METHODS: Brief targeted literature searches identified prostate cancer incidence studies fully reporting Kaplan–Meier curves, number at risk tables, median follow-up duration, and total person-time. Methods to estimate person-time were tested, including: multiplication of median follow-up by the number of patients; ’midpoint’ estimation, whereby the reported number of patients at risk in each interval is multiplied by the midpoint between the previous and succeeding timepoints, then summed; and calculation using pseudo-IPD from digitized Kaplan–Meier curves.
RESULTS: Three studies (Mehtälä [2020], Rompay [2019] and Seraphin [2021]) reporting the required data with different follow-up durations (14, 25 and 5 years, respectively) were identified and evaluated. Compared to reported total person-time, estimation from median follow-up yielded an under-estimate (range percentage difference vs reported: −43.23 to −24.07). Midpoint and pseudo-IPD estimation gave closer estimates (range percentage difference vs reported: −8.19 to 2.47 and −7.7 to 0.83, respectively).

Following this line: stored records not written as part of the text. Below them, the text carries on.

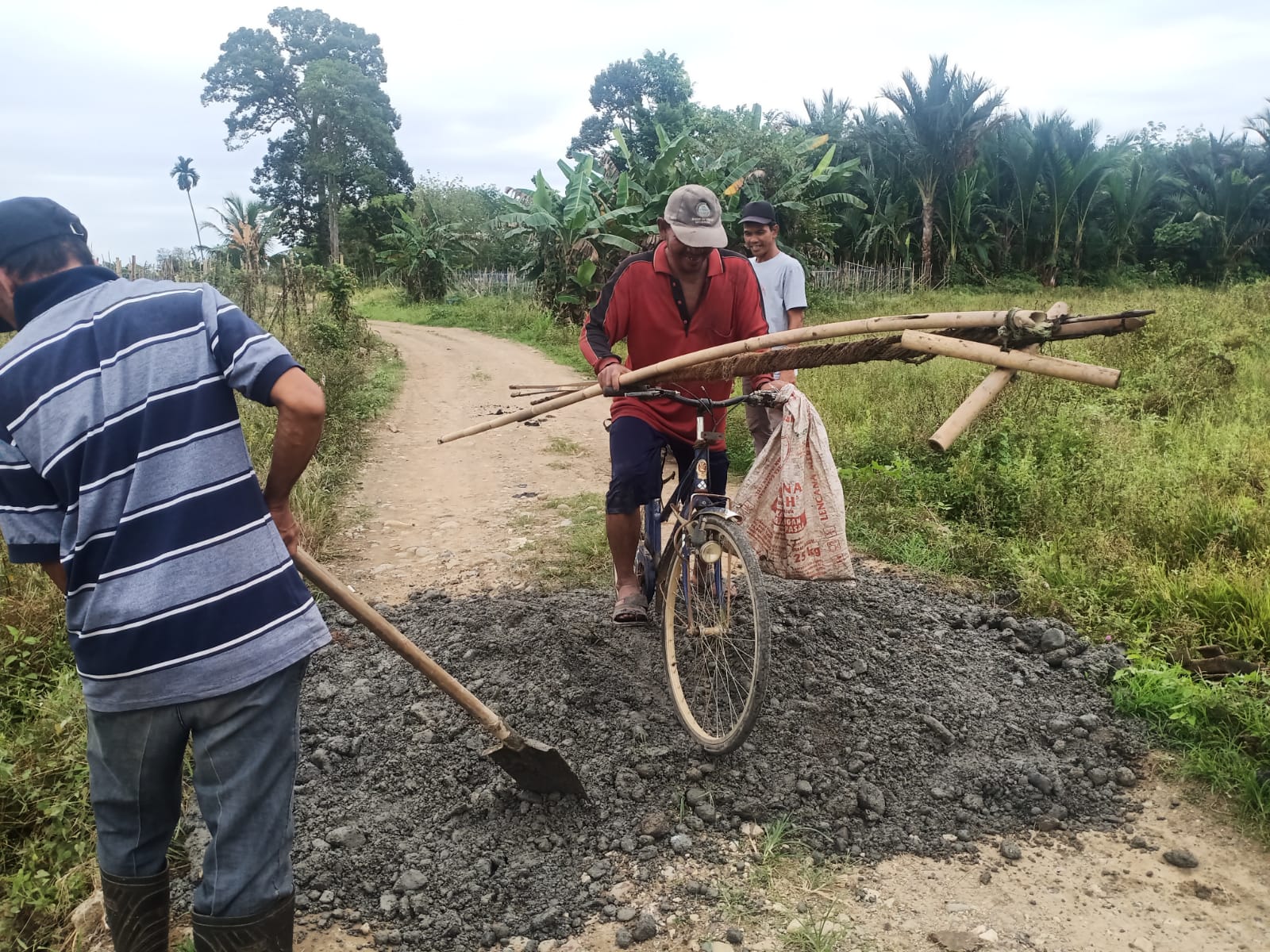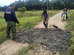 Melihat kondisi jalan Pra TMMD berlubang, salah satu warga desa Rantau Keminting dengan sigap tutup lubang dengan Sirtu (Pasir Batu).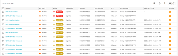 The Live Alarms Raised table displays details about the active and inactive alarms raised. For definitions of alarm status, see Alarms Cycle.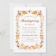 Laranja, marrom, amarelo, um toque de verde neste caloroso mas moderno convite jante de ação de graças. Todo o texto é personalizável; edite-o para se adequar ao seu evento (janto, azar, evento de caridade, arrecadação de fundos, etc.).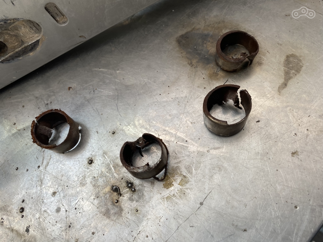 А тут - привет, совсем катастрофа. Высыпалось. Разобрал. Помимо подшипников померли и втулки, которые нужно либо заказывать у дилера по 85 евро штука, либо точить у токаря.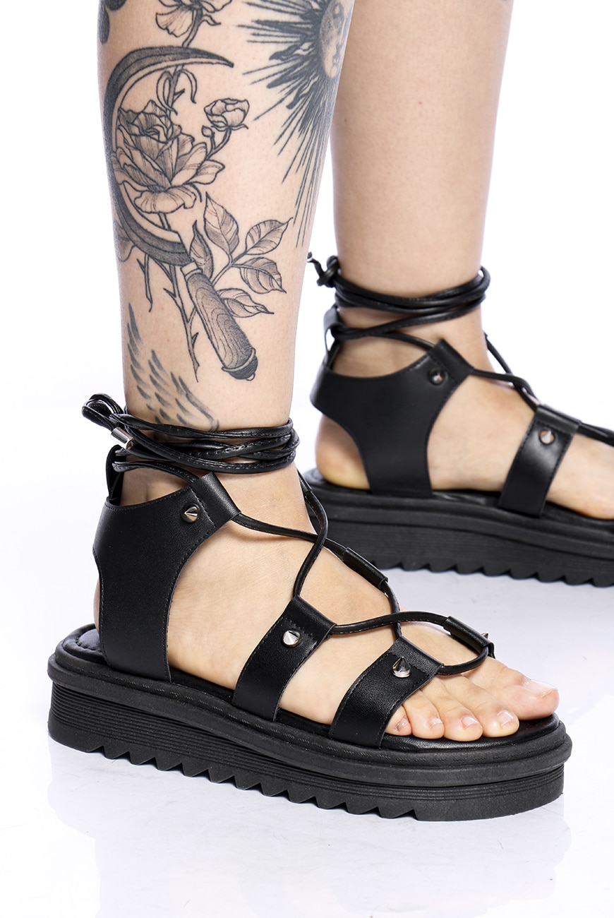 Produzida em material sintético de origem não animal, tem o solado tratorado e confortável, tiras finas cruzadas na parte de cima dos pés e detalhes de spikes niquelados no cabedal, trazendo mais peso para o modelo. O fechamento é feito por amarração no tornozelo, possibilitando diferentes propostas de styling.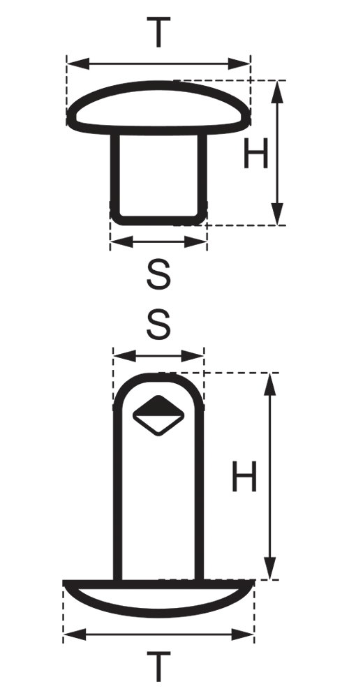 • Beide Teile sind mit einer Kappe versehen. Ideal wenn es auf eine beidseitig gut aussehende Vernietung ankommt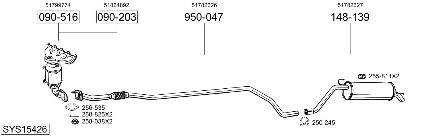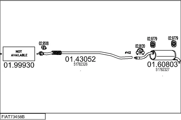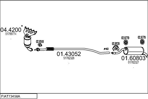 FIAT PUNTO (199_) 1.4 (199AXB1A, 199BXB1A, 199BXB11, 199AXB11) - Výfukový systém - kompletní od 3/2012, 1368 ccm, 57 kW, 78 hp, 350 A1.000, Šikmá zadní část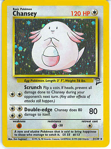 Evne [CC] Scrunch - Flip a coin. If heads, prevent all damage done to Chansey during your opponent's next turn. (Any other effects of attacks still happen.)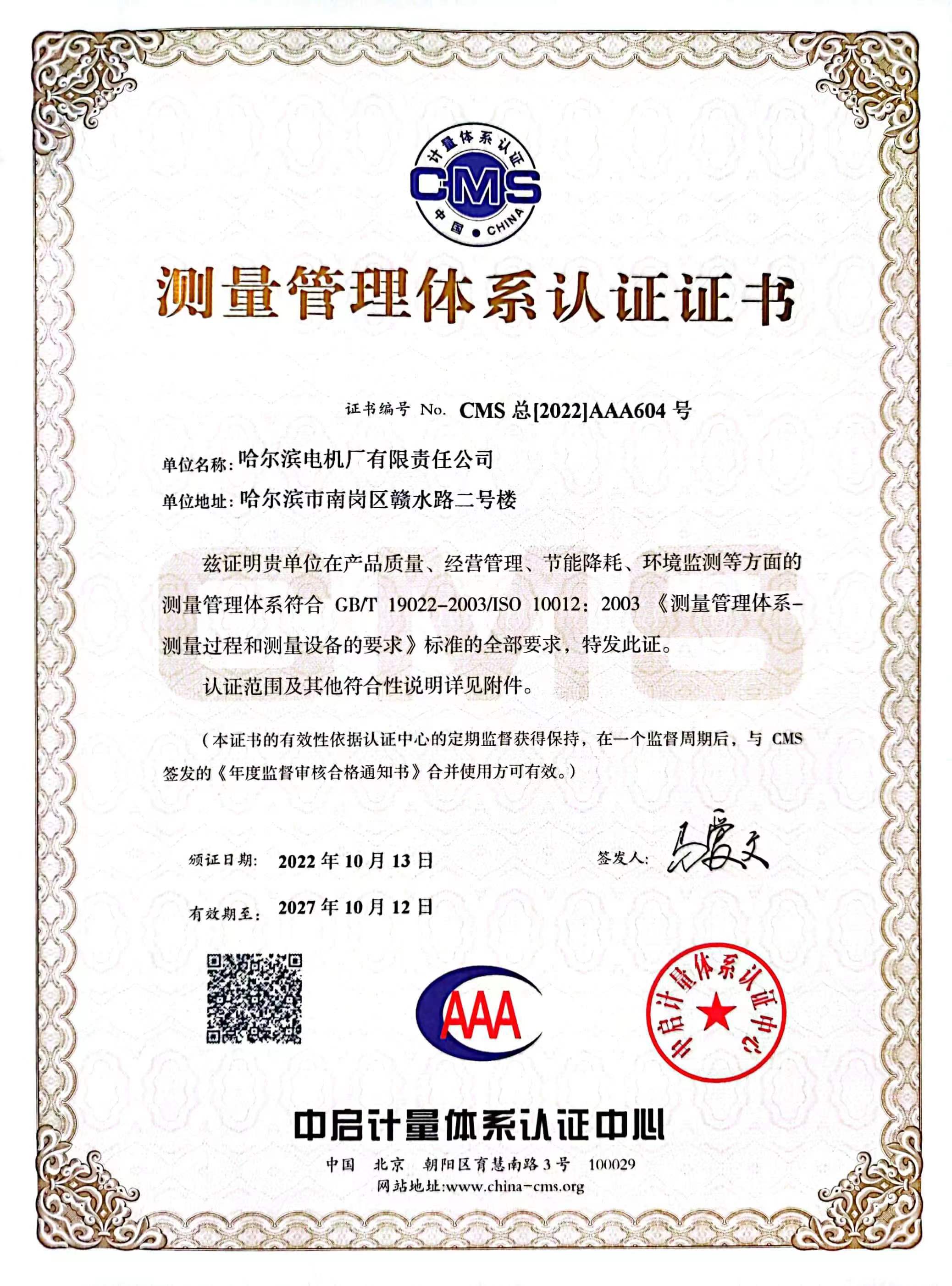 测量管理体系认证证书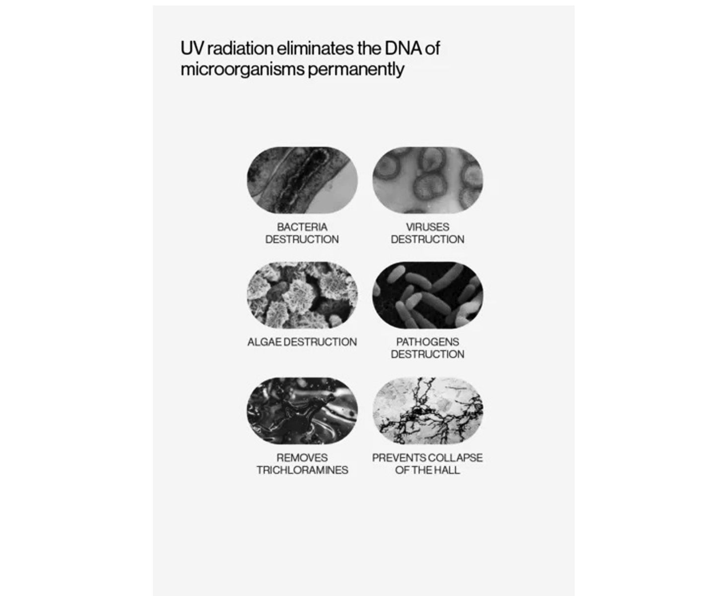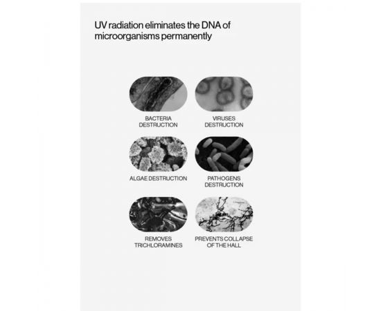 - Удаляет хлорамины, вирусы, бактерии и другие вредные микроорганизмы в воде бассейна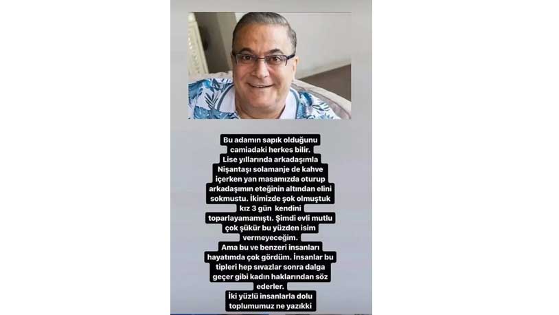 Klibinde oynadığı sosyal medya fenomeni Ece Ronay tarafından mesajları ve ses kayıtları ifşa edildikten sonra taciz suçlamasıyla şikayetçi olunan mehmet ali erbil hakkında yeni bir iddia gündeme geldi.Hakan Sabancı ile yaşadığı ilişkiyle tanınan Aygün Aydın, Erbil'in bir arkadaşını daha taciz ettiğini söyledi.Instagram hesabından bir paylaşım yapan Aygün, olayın lise yıllarında bir başka arkadaşının başına geldiğini söyleyerek şunları yazdı:"Lise yıllarında arkadaşlarımla kahve içerken arkadaşımın eteğinin altından elini sokmuştu. Şok olmuştuk kız 3 gün kendini toparlayamamıştı. Şimdi evli mutlu çok şükür."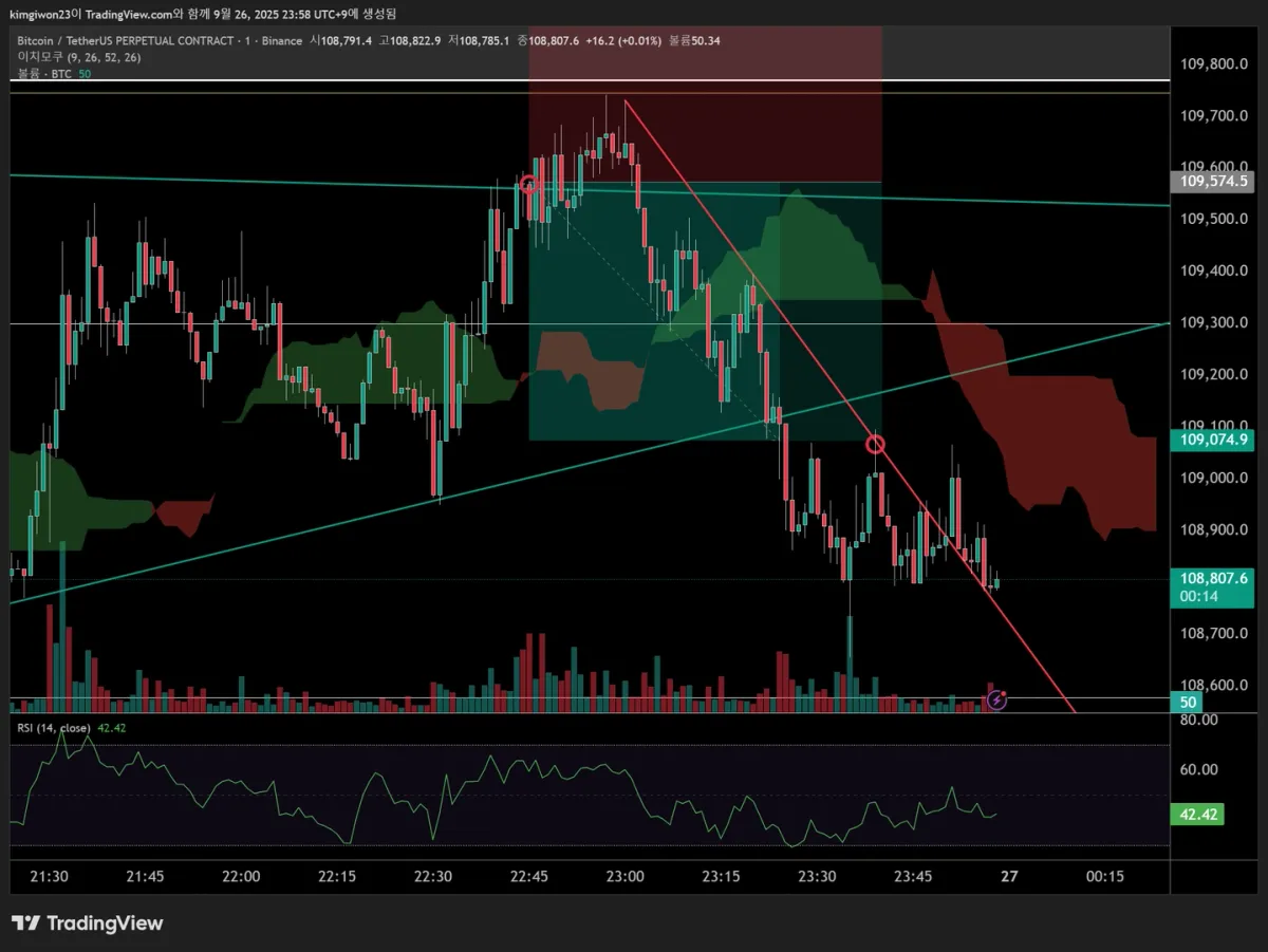 박스권에서 횡보를 하고있어 짧게 가져가 보자 하고 박스 상단 터치 가능성을 보고 미리 진입을 했습니다.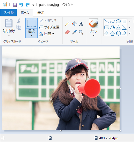 ペイントが起動したら、ドラッグ&ドロップ等で対象の画像をペイント上で開こう。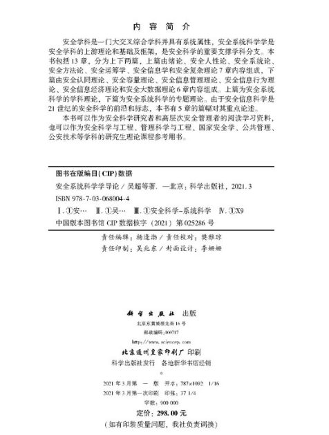 (仓发) 安全系统科学学导论/科学出版社/吴超等/9787030680044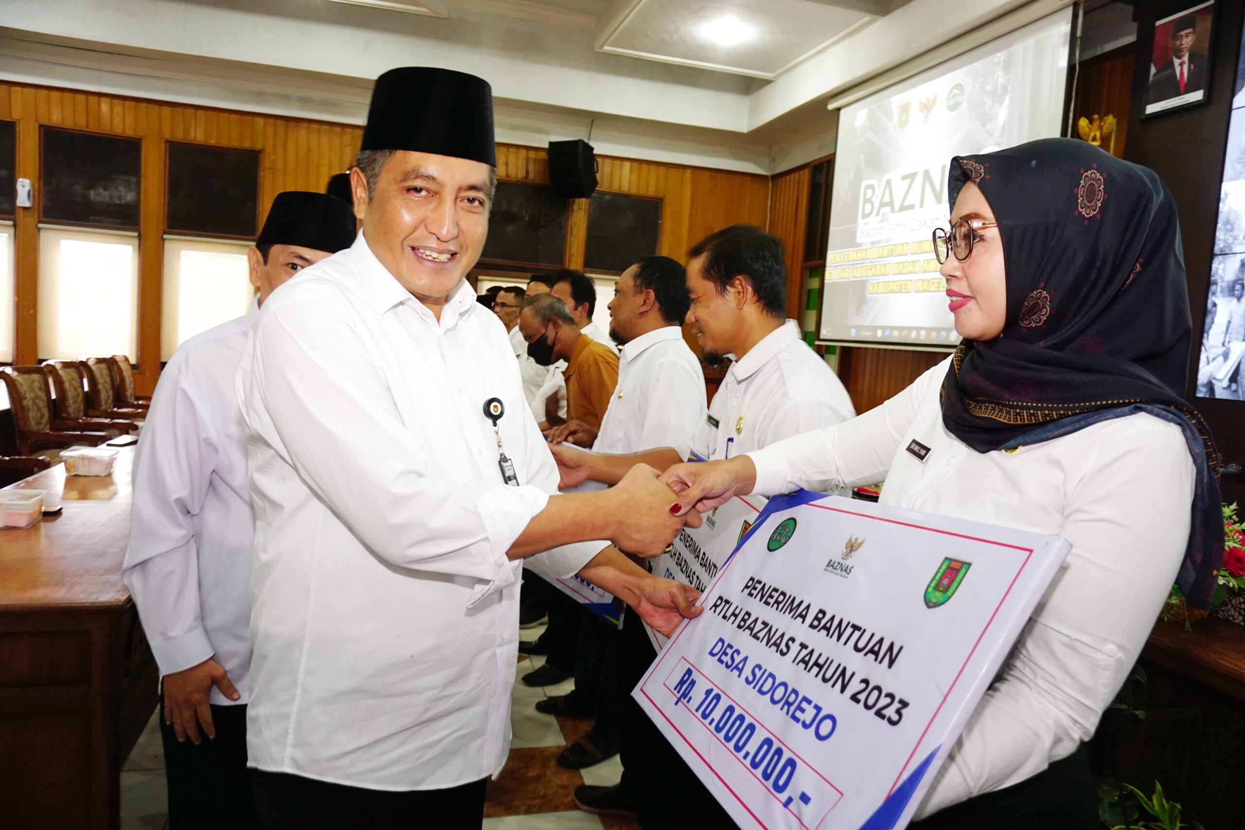 MAGELANG (wartamagelang.com) – Sebanyak 11 desa menerima bantuan Rumah Tidak Layak Huni (RTLH) dan santunan anak yatim/piatu dari Badan Amil Zakat Nasional (Baznas) Kabupaten Magelang. Bantuan diserahkan secara simbolis oleh Bupati Magelang Zaenal Arifin di Ruang Bina Karya, Setda Kabupaten Magelang, Rabu (26/7/2023).

CONCLUSIONS: When estimates of person-time are required (e.g. for incidence rate meta-analysis), midpoint and pseudo-IPD methods gave the best estimates. Estimation from median follow-up (the most frequent method in the literature) yielded substantial and consistent under-estimates of person-time, which inflates incidence rate estimates. Accordingly, midpoint or pseudo-IPD methods may be preferred as a unified method where data permits. Where data are limited to median follow-up, further research is required to determine whether estimation of person-time for synthesis of incidence is suitable, and potential biases should be acknowledged and explored via sensitivity analyses.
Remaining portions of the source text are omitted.